New York, United States | AFP | Spotify soared Tuesday to a value of more than $26 billion in its long-awaited stock debut as the market delivered a ringing endorsement of the future of music streaming.
In one of the largest public offerings ever in the tech sector, Spotify on its first day topped the market capitalization of other high-profile recent market entrants, including Twitter, Snapchat parent Snap and Dropbox.
Spotify opened on the New York Stock Exchange at $165.90 a share, giving the Swedish company a value of $29.5 billion.
It closed at $149.01, a drop of more than 10 percent but still above the pre-trading reference point — and ending the day with a value of $26.5 billion.
Trading as SPOT, Spotify took the unorthodox step of listing existing shares directly on the bourse rather than issuing new stock, allowing its founders and early investors to maintain control.
The unusual listing had added to the suspense over how Spotify would fare on the market as the company, while big on its cool factor, has yet to turn a profit.
“It is a success,” Tom Cahill of Ventura Wealth Management said of the listing.
He expected more companies to follow Spotify’s strategy in the future, taking their time to list on the market.
“They are getting all the funding they need in the private market and they don’t really need to go public as early,” he said.
— NYSE (@NYSE) April 3, 2018
– Making streaming mainstream –
Spotify has helped change the way much of the world listens to music by popularizing streaming — unlimited, on-demand songs online.

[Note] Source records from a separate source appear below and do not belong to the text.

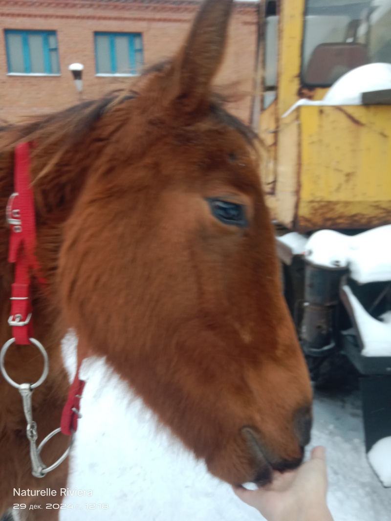 , общительный, за нами хвостиком ходит. Угощаем его яблочками и сухариками. Всё таки лошади волшебные животные, люблю их, как и собаки и котики.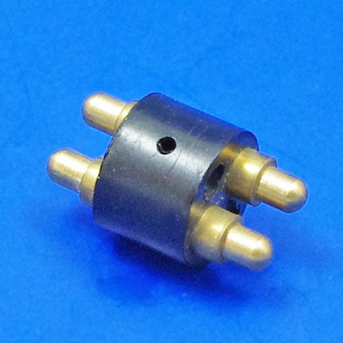 Double contact, double ended SBC/BA15D bulb holder insert. Four spring loaded brass contacts allow it to be adapted for various applications. Overall length 27mm, insulator 11mm long x 15.6mm diameter.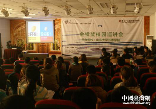 中國臺灣網3月28日濟南消息 由旺旺中時媒體集團、中國商務廣告協會、山東大學共同舉辦的第22屆金犢獎巡講會山東站于3月27日在山東大學藝術學院報告廳舉行,同時舉辦了第21屆時報金犢獎獲獎作品展覽。濟南市委臺辦巡視員謝愛民應邀參加了巡講會。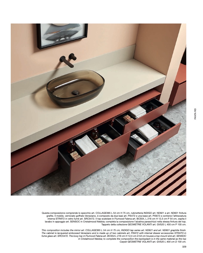 fume glass art. SRC5472. The boxy top in Flumood Falena art. BCS54 L 216 cm H 12,5 cm D 54 cm houses a top mount sink art. SENSOC

In the United States, the largest music market, revenue from recorded music grew a robust 16.5 percent in 2017, marking the first time since 1999 at the dawn of online music that the business has expanded for two years in a row.
The growth — in line with global trends — was almost entirely attributable to the rise in streaming subscriptions, according to the Recording Industry Association of America.
Thanks to the massive inroads of streaming, Spotify has managed to mollify critics, at least for now.
Pop superstar Taylor Swift, who once railed that Spotify was short-changing artists and boycotted the service, recently debuted a video as an exclusive to the platform.
Few prominent Western artists still refuse to stream on Spotify other than rap mogul Jay-Z, who runs his own fledgling rival Tidal, and his wife Beyonce.
But Spotify faces rising competition, most notably from Apple, which launched its own service in 2015 to seize a slice of the booming streaming market.
Retail behemoth Amazon has boasted of quick growth for its own new service, while tech titans Google and Facebook are both working hard to build up their music offerings.
– Questions on future –
With its heavy investment in building the platform, Spotify has yet to turn a profit.
It warned last week that its sales growth was likely to slow this year, although it still expected to post a narrower annual loss.
Amid Spotify’s methodical wait to list, MIDiA Research managing director Mark Mulligan called Tuesday “arguably the most anticipated day in the history of digital music.”
He noted that Spotify has been able to hold its own, maintaining 36 percent of the subscriber market despite the onslaught of Apple.
Spotify said in a regulatory filing that it had 159 million monthly users including 71 million paying subscribers — twice that of closest rival Apple Music.
Spotify’s 35-year-old chief executive and co-founder Daniel Ek, in a blog essay before the stock listing, said his company had ample “room to learn and grow.”
“I have no doubt that there will be ups and downs as we continue to innovate and establish new capabilities,” he wrote.
“Nothing ever happens in a straight line — the past 10 years have certainly taught me that.
“My job is to ensure that we keep our foot on the pedal during the ups, so that we don’t become complacent, and that we continue to stay the course with a firm grip on the wheel during the downs.”